The first reason seems to be protection – our protection. The priests had a dangerous job to do. They worked among the Holy objects in the Tabernacle, upon which the Divine Presence rested. It was important for them to know how to protect themselves. Aaron’s two sons had died perhaps because they had not known how to keep themselves safe from contact with God’s holiness. So when we are indignant about the rules in Emor, one thing to remember is that they may be there for human protection; so that the priests did not make fatal mistakes that would have caused them to come into contact with more power or purity than their humanity could handle.

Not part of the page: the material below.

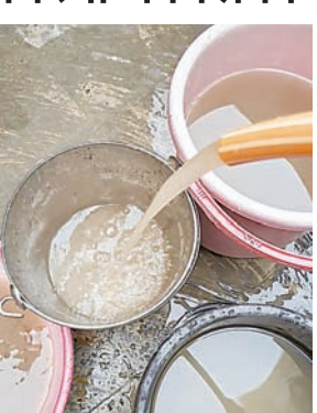
पेयजल पाइप-लाइन्स क्षतिग्रस्त हो चुकी हैं। पाइपलाइन फूटने और लीकेज होने से नालियों का गंदा पानी पेयजल लाइन में मिल रहा है, जिसके कारण घरों तक दूषित और मटमैला पानी पहुंच रहा है।

दैनिक अवन्तिका ► उज्जैन वार्ड क्रमांक 22 के दानीगेट क्षेत्र में पेयजल सप्लाई के दौरान नलों से गंदा और मटमैला पानी आने से क्षेत्रवासी परेशान हैं। पिछले कई दिनों से यह समस्या बनी हुई है, लेकिन इसके समाधान के लिए न तो संबंधित अधिकारी गंभीरता दिखा रहे हैं और न ही जनप्रतिनिधियों द्वारा कोई प्रभावी पहल की जा रही है। स्थिति यह है कि लोगों को उपयोग योग्य पानी जुटाने के लिए इधर-उधर भटकना पड़ रहा है, जबकि कई परिवारों को पीने के लिए पानी खरीदने तक की नौबत आ गई है। चौड़ीकरण कार्य के दौरान पाइपलाइन हो रही क्षतिग्रस्त- दानी गेट क्षेत्र में इन दिनों सड़क चौड़ीकरण का कार्य चल रहा है। क्षेत्र की सड़कों और नालियों की खुदाई के दौरान ठेकेदार की लापरवाही के कारण कई स्थानों पर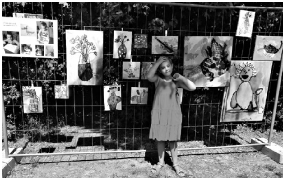
Foto: Werke von Mila Krenz, der jüngsten Teilnehmerin, stellvertretend für alle teilnehmenden Künstlerinnen und Künstler

The second, deeper reason for developing standards is an inner one. A standard can be exclusionary, excluding certain people or groups, or it can be inclusion-ary, a personal goal to strive toward. Now that there is no Priesthood, we are all meant to be priests, as it says in Exodus, “You shall be a kingdom of priests, a holy nation.” Our standards can bring us to find our inner fineness, our inner perfection. When we use our ability to make distinctions to sanctify ourselves by setting inner goals, we do as the S’fat Emet wrote: we bring the precious out of the ordinary. This process of self-refining is holy work. It is the way to make contact with the Godliness in ourselves and the universe. Awe: inner fineness is that quality that Rashi calls accepting upon oneself God’s Divinity. In the Zohar it says, “Wholeness comes to those who have awe of God.” When we strive to express what is highest and finest in ourselves, we cause completion; a wholeness to flow from our actions. Then we feel connected to God and to each other, the deep connection that is really there. There is so much work for us to do in the world: tears to dry, smiles to bestow, love and help to give. To be open to that work heals us and helps us. God asks us to give of our best, for our own benefit. Should we really give anything less?